During a mid afternoon session at Security Congress, taking place this week in Orlando, Schwartau walked through the yet-unresolved, inherent problems with AI. For one thing, he pointed out, AI relies on probability, which creates some level of uncertainty about the results it delivers. The same algorithm might give different results when asked to resolve the same problem.
“AI is not deterministic. AI will not give you the answer under any circumstances whatsoever regardless of what your vendor of choice tells you,” Schwartau said. Using medicine as an example, Schwartau said he would “absolutely not” recommend that a doctor accept an AI-based diagnosis, though it might be helpful in deciding a course of action.

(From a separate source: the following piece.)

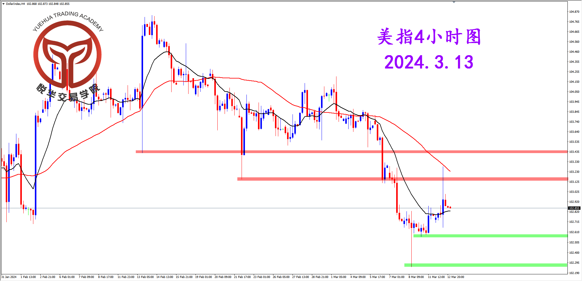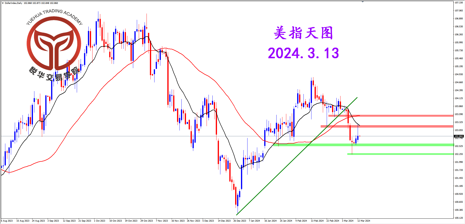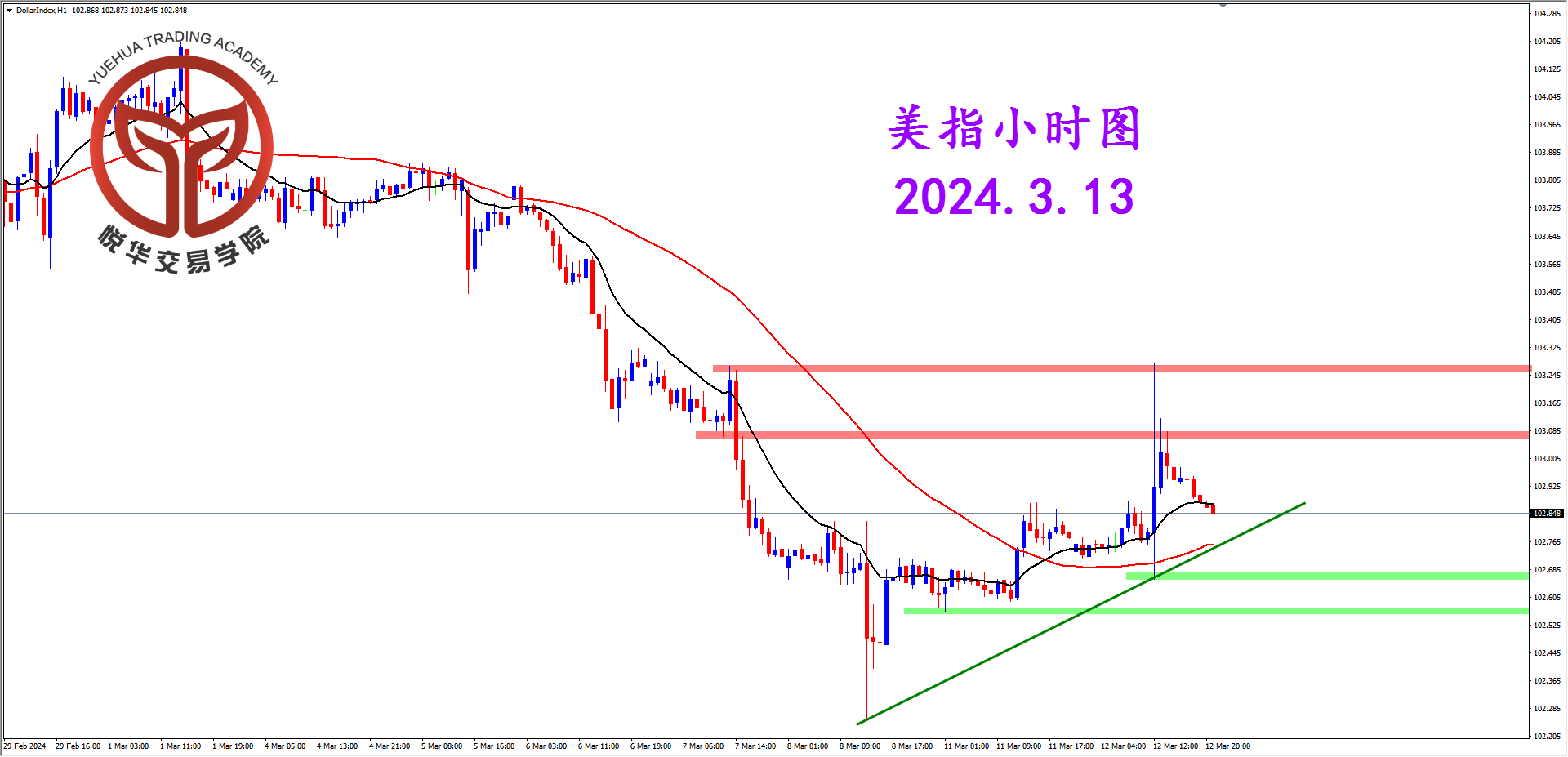 美指天图,昨日行情于晚盘在美国CPI数据发布后出现了明显的异动,虽然有过快速拉升但目前看也收复了大半失地,技术形态看行情还是属于回测均线和103.15的水平压制遇阻,但空头还不要急于介入。

Another problem with AI comes down to a question of ethics. Schwartau used the classic ethics “trolley problem” to make his point. In this ethics conundrum, someone is asked to choose between killing one person or five when a trolley cannot be stopped. If the trolley stays on course, it will kill the five, but if a track switch is thrown to divert the trolley to another track, one person dies.
Leaving that solution to be solved by AI is problematic, he said. It would require allowing the AI engine to make a value judgment based on the information it has been fed over time. And there’s no guarantee the engine would make the right decision. There actually is no right – or perfectly acceptable – answer because one way or another in this theoretical conundrum, someone would die.
Schwartau also talked about the biases inherent in data that is fed to AI algorithms. He referred to the Microsoft Twitter bot experiment that quickly went awry when the bot was manipulated to make racist, xenophobic and sexist comments. Similar results could occur even without malice, Schwartau argued, because the humans feeding data into the AI systems may have biases they don’t even recognize.
An example of unintended bias involves experiments with using AI to hand out criminal sentences. Because the AI systems use historical crime sentencing data, and are looking at statistical correlations instead of causation, their recommendations for sentencing have been largely biased and inclined to send a disproportionate number of non-white people to jail.
Based on these issues, Schwartau expressed serious doubts about the prospect of AI solving cybersecurity issues. While he concedes that data scientists might solve issues of bias and other problems with data, it may ultimately be impossible to get AI algorithms to become truly neutral in their output.